Problem =>
Only the lines from the beginning of the entries through the one with "Радиальное шариковое однорядное" should be written out, please, exactly and without any pictures.

Given data =>
========
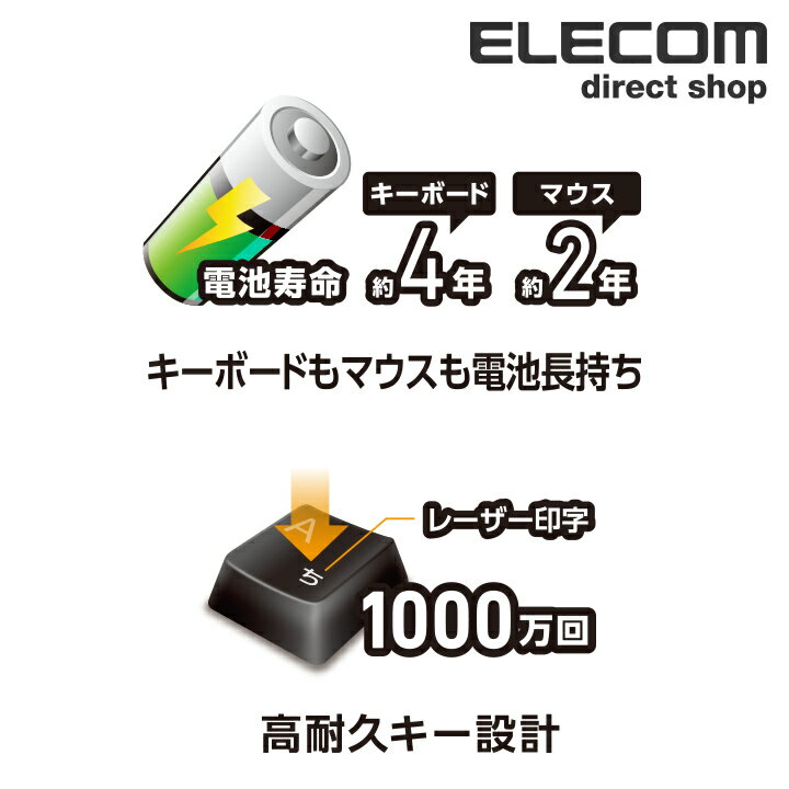 ■キーボード・キータイプ:メンブレン■キーボード・キー配列:92キー(日本語配列)■キーボード・キーピッチ:19.0mm■キーボード・キーストローク:3.5mm■キーボード・電源:単3形アルカリ乾電池、単3形マンガン乾電池、単3形ニッケル水素2次電池のいずれか1本■キーボード・想定電池使用可能期間:アルカリ乾電池使用時の目安 約4年 ※当社テスト値■キーボード・カラー:ブラック■キーボード・外形寸法:幅364.3mm×奥行150.8mm×高さ33.5mm(スタンド含まず)、幅364.3mm×奥行150.8mm×高さ42.0mm(スタンド時)■キーボード・質量:約507g ※電池含まず■マウス・読取り方式:光学式センサー方式■マウス・分解能:1600カウント■マウス・LED色:赤■マウス・ホイール数:1個■マウス・ボタン数:3個 ※ホイールボタン含む■マウス・レシーバ収納:○■マウス・電源:単3形アルカリ乾電池、単3形マンガン乾電池、単3形ニッケル水素2次電池のいずれか1本■マウス・連続動作時間:約384時間■マウス・連続待機時間:約1041日■マウス・想定電池使用期間:約2年 ※1日8時間のパソコン操作中5%をマウス操作に割り当てた場合■マウス・カラー:ブラック■マウス・外形寸法:幅59.3mm×奥行100.0mm×高さ37.8mm■マウス・質量:約57g ※電池含まず■レシーバー・外形寸法:幅19.5mm×奥行15.8mm×高さ6.5mm■レシーバー・質量:約2g■保証期間:6カ月エレコムダイレクトショップタイピングしやすい、JIS規格準拠の標準日本語配列を採用。
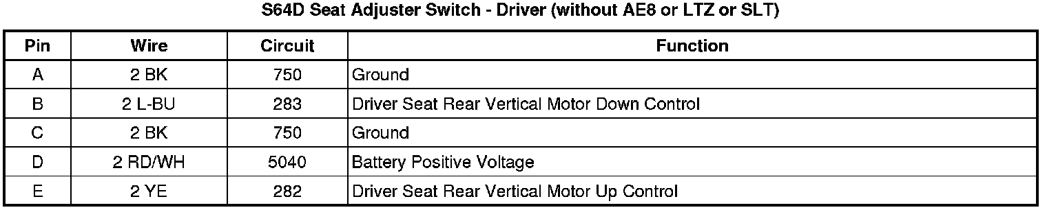 Seat Adjuster Switch - Driver (without AE8 or LTZ or SLT)
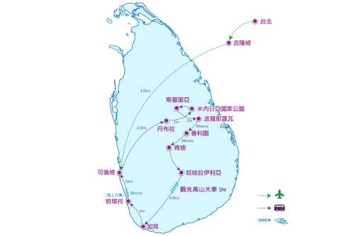 參考飛行時間:桃園→(約5小時)吉隆坡→(約3.5小時)可倫坡
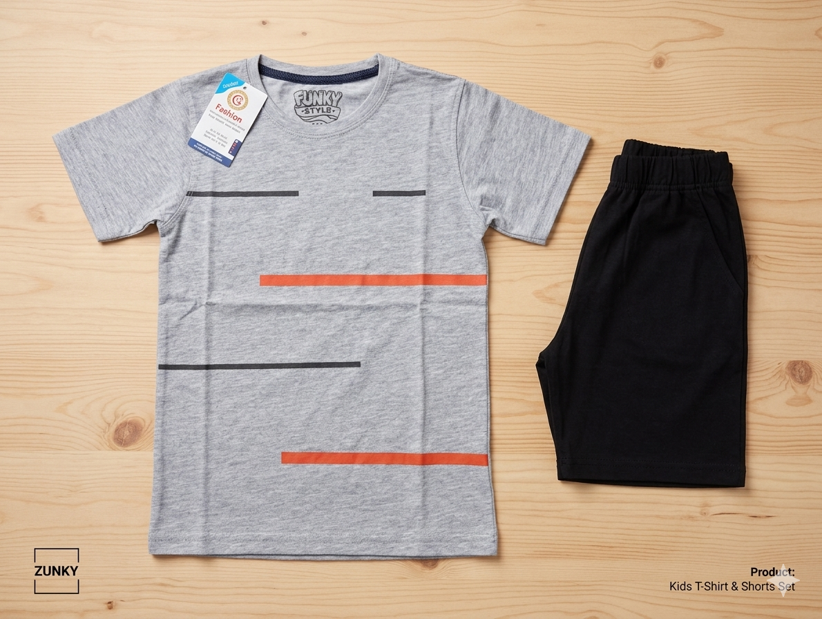 T-Shirt Design: A classic crew neck tee in heather grey, accented with a contemporary minimalist graphic of horizontal charcoal and vibrant orange stripes.
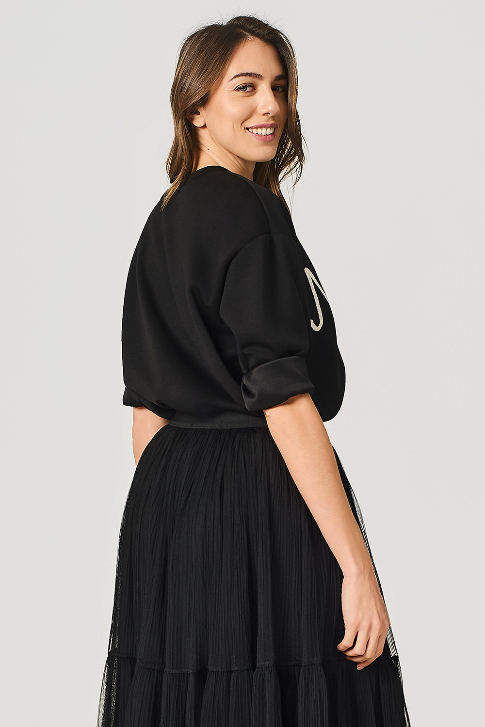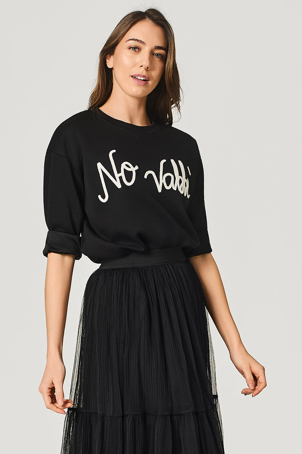 Felpa leggera in viscosa stretch, girocollo, scritta ricamata "No vabbè", manica lunga.
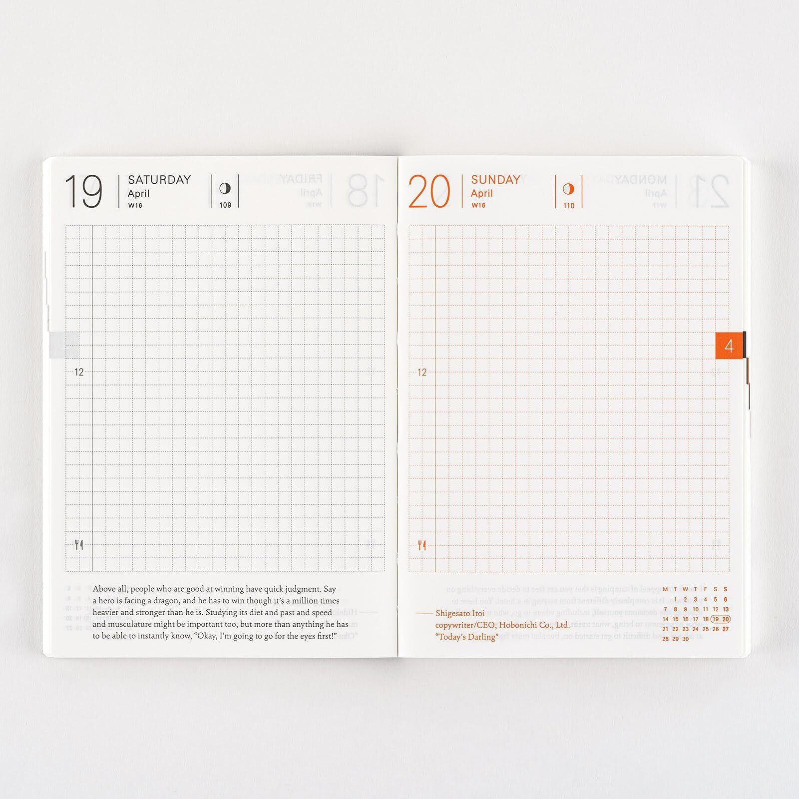 *右ページに「ミニカレンダー」を掲載(月曜はじまり)。
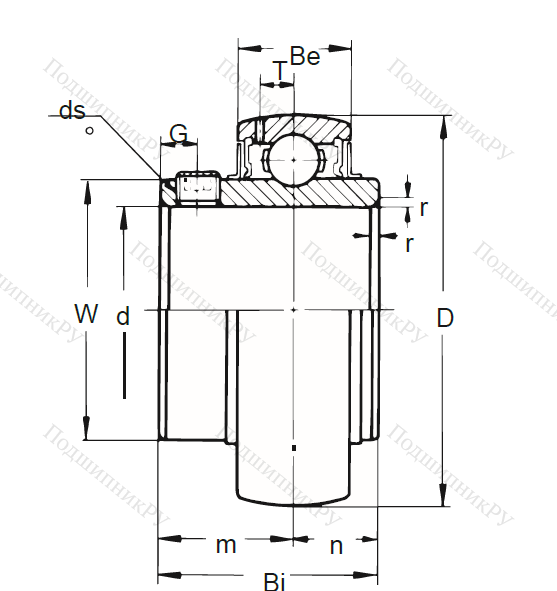 Радиальное шариковое однорядное тело, размещающееся в чугунном корпусе с парой усиливающих колец и внутренней шиной увеличенной ширины. Наружная обойма – сферической либо цилиндрической формы. Для гашения вибраций и шумности может устанавливаться наружное резиновое демпфирующее усиление.
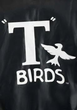Be systomatic, hydromatic, and even ultromatic when you’re wearing your exclusive, officially licensed Adult Grease Men’s Jacket! The black polyester jacket is coated in a shiny finish to give it the appearance of leather. An offset front zipper complements the silver-tone decorative studs and the silver plastic slide buckle on the belt. The T-Birds logo is printed on the back in white.
========
Answer section =>
 ■キーボード・キータイプ:メンブレン■キーボード・キー配列:92キー(日本語配列)■キーボード・キーピッチ:19.0mm■キーボード・キーストローク:3.5mm■キーボード・電源:単3形アルカリ乾電池、単3形マンガン乾電池、単3形ニッケル水素2次電池のいずれか1本■キーボード・想定電池使用可能期間:アルカリ乾電池使用時の目安 約4年 ※当社テスト値■キーボード・カラー:ブラック■キーボード・外形寸法:幅364.3mm×奥行150.8mm×高さ33.5mm(スタンド含まず)、幅364.3mm×奥行150.8mm×高さ42.0mm(スタンド時)■キーボード・質量:約507g ※電池含まず■マウス・読取り方式:光学式センサー方式■マウス・分解能:1600カウント■マウス・LED色:赤■マウス・ホイール数:1個■マウス・ボタン数:3個 ※ホイールボタン含む■マウス・レシーバ収納:○■マウス・電源:単3形アルカリ乾電池、単3形マンガン乾電池、単3形ニッケル水素2次電池のいずれか1本■マウス・連続動作時間:約384時間■マウス・連続待機時間:約1041日■マウス・想定電池使用期間:約2年 ※1日8時間のパソコン操作中5%をマウス操作に割り当てた場合■マウス・カラー:ブラック■マウス・外形寸法:幅59.3mm×奥行100.0mm×高さ37.8mm■マウス・質量:約57g ※電池含まず■レシーバー・外形寸法:幅19.5mm×奥行15.8mm×高さ6.5mm■レシーバー・質量:約2g■保証期間:6カ月エレコムダイレクトショップタイピングしやすい、JIS規格準拠の標準日本語配列を採用。
 Seat Adjuster Switch - Driver (without AE8 or LTZ or SLT)
 參考飛行時間:桃園→(約5小時)吉隆坡→(約3.5小時)可倫坡
 T-Shirt Design: A classic crew neck tee in heather grey, accented with a contemporary minimalist graphic of horizontal charcoal and vibrant orange stripes.
 Felpa leggera in viscosa stretch, girocollo, scritta ricamata "No vabbè", manica lunga.
 *右ページに「ミニカレンダー」を掲載(月曜はじまり)。
 Радиальное шариковое однорядное тело, размещающееся в чугунном корпусе с парой усиливающих колец и внутренней шиной увеличенной ширины. Наружная обойма – сферической либо цилиндрической формы. Для гашения вибраций и шумности может устанавливаться наружное резиновое демпфирующее усиление.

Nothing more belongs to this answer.